Wedding Etiquette Forum

private ceremony in one state/reception in another

We are in our 40's and have been together 10 years and are planning wedding for 2017. His parents are in their 70's and cannot travel due to medical issues; my parents are younger and are willing and able.
Our thoughts are private ceremony here with only parents and siblings (about 12 of us total), followed by JUST a dinner. No bridal party; semi-casual dress (me: white informal dress with cowboy boots; him: nice jeans, dress shirt, vest), no dancing.
A week later we would like to go north and have the main reception/celebration with my family (about 50-70 guests), immediately followed by honeymoon.
I have read over and over about the etiquette of this, but there is no way with his parents' restrictions to do it all together. We want the first dance, the father/daughter dance, the cake cutting, etc.
I guess what I'm most unsure about is: do we do a vow renewal to help segue into the reception? It won't be a secret that we were officially married the week before; but my family LOVES the ceremonial aspect/traditions and especially loves the parties, so we want to make it the most enjoyable for all involved.

Re: private ceremony in one state/reception in another

  • I mean, technically, it's not a wedding reception, and really just a party.  You could still dance with your husband--even a spotlight dance, I think, would be fine.  But it's not your first dance.  You also can dance with your father--but I wouldn't make that a spotlight dance.

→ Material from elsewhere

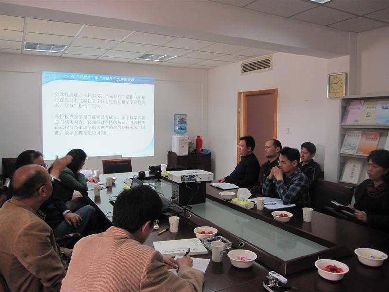 2011418,中国特色城镇化研究中心系统论坛(之三十三)在子实堂苏州大学学报编辑部会议室举行,北京大学陈波教授作了题为“存在‘先验偶然’命题和‘后验必然’命题吗——对克里普克知识论的批评”的学术报告,苏州大学陈忠、朱建平、郭世平、邢冬梅、庄友刚、朱耀平、王新水以及哲学系部分研究生参与了本论坛。

    You can have cake.  Cake is always good at any party.  No one will object to cake.  I don't even see a big deal with cutting it either.  I would just make sure to stay away from things like bouquet toss, garter toss, and anything else that makes it seem like you guys are a new bride and groom.  Because you won't be.

    And honestly, that's what this comes down to.  Celebrating your marriage at the party is fine.  But you have to realize you'll no longer be bride and groom, so you can't act like you are.  

    I would NOT do a vow renewal so soon.  Vow renewals should be done on milestone anniversaries.  A vow renewal soon after marriage is just weird and hokey.  Just make it a party celebrating your new marriage.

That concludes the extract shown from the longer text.